* What is required:
Repeat exactly the line with "Outdoor Equipment LED" and each line after it to the end of the data below; pictures stay out.

* Given data:
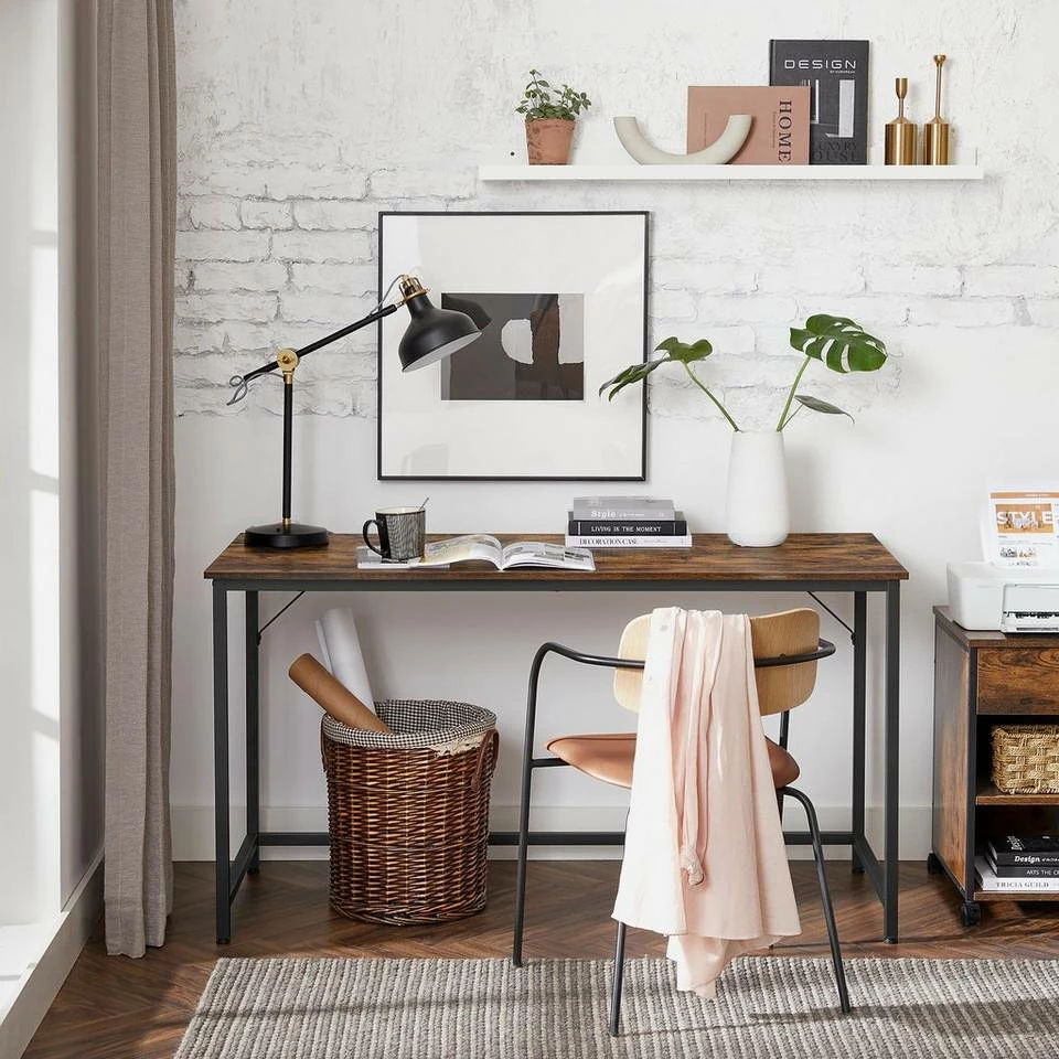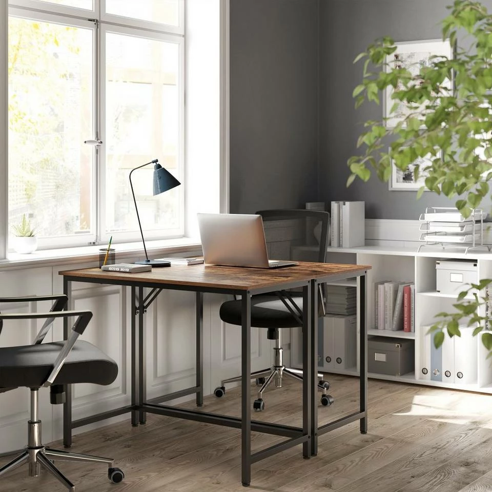 - Industriestil ist in: Sowohl im Büro als auch im Homeoffice. Dieser Schreibtisch verfügt über eine Oberfläche in warmen Vintage-Tönen und ein schlichtes schwarzes Stahlgestel
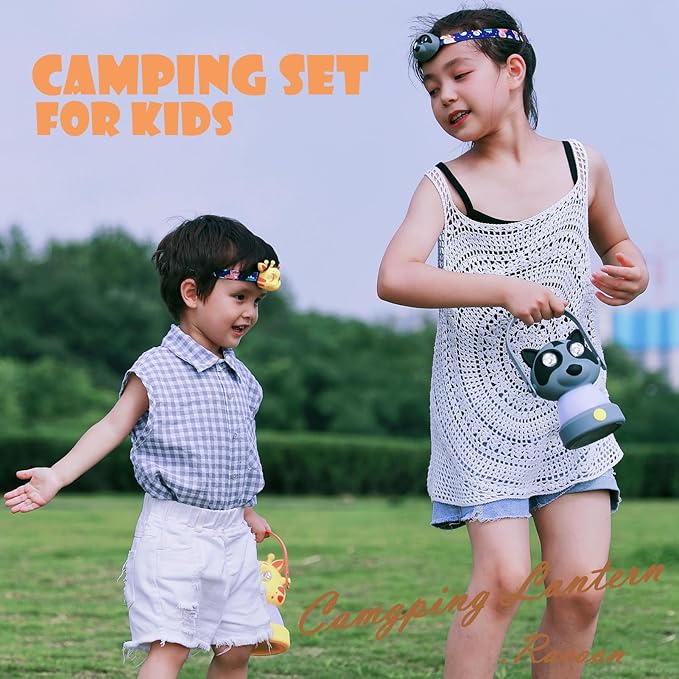 Outdoor Equipment LED Camping Lantern & Headlamp Set for Kids, FANT.LUX Battery Powered Night Light for Emergency, Hurricane, Lightweight Tent Lamp - Owl (Raccoon Set)
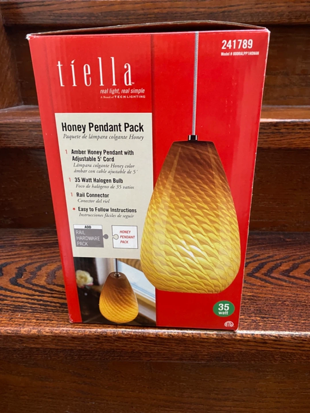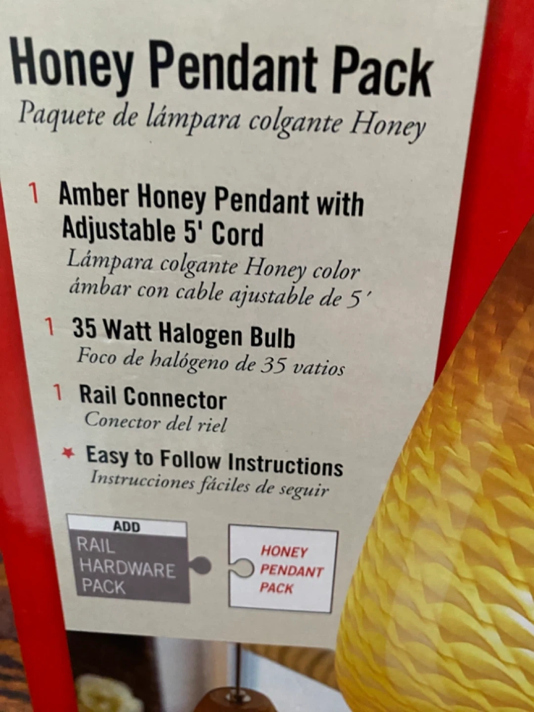 This Tiella Honey Pendant Pack includes one amber honey pendant with an adjustable 5' cord. It also comes with a 35 Watt halogen bulb. Easy to follow instructions are included.

* Answer:
 Outdoor Equipment LED Camping Lantern & Headlamp Set for Kids, FANT.LUX Battery Powered Night Light for Emergency, Hurricane, Lightweight Tent Lamp - Owl (Raccoon Set)
 This Tiella Honey Pendant Pack includes one amber honey pendant with an adjustable 5' cord. It also comes with a 35 Watt halogen bulb. Easy to follow instructions are included.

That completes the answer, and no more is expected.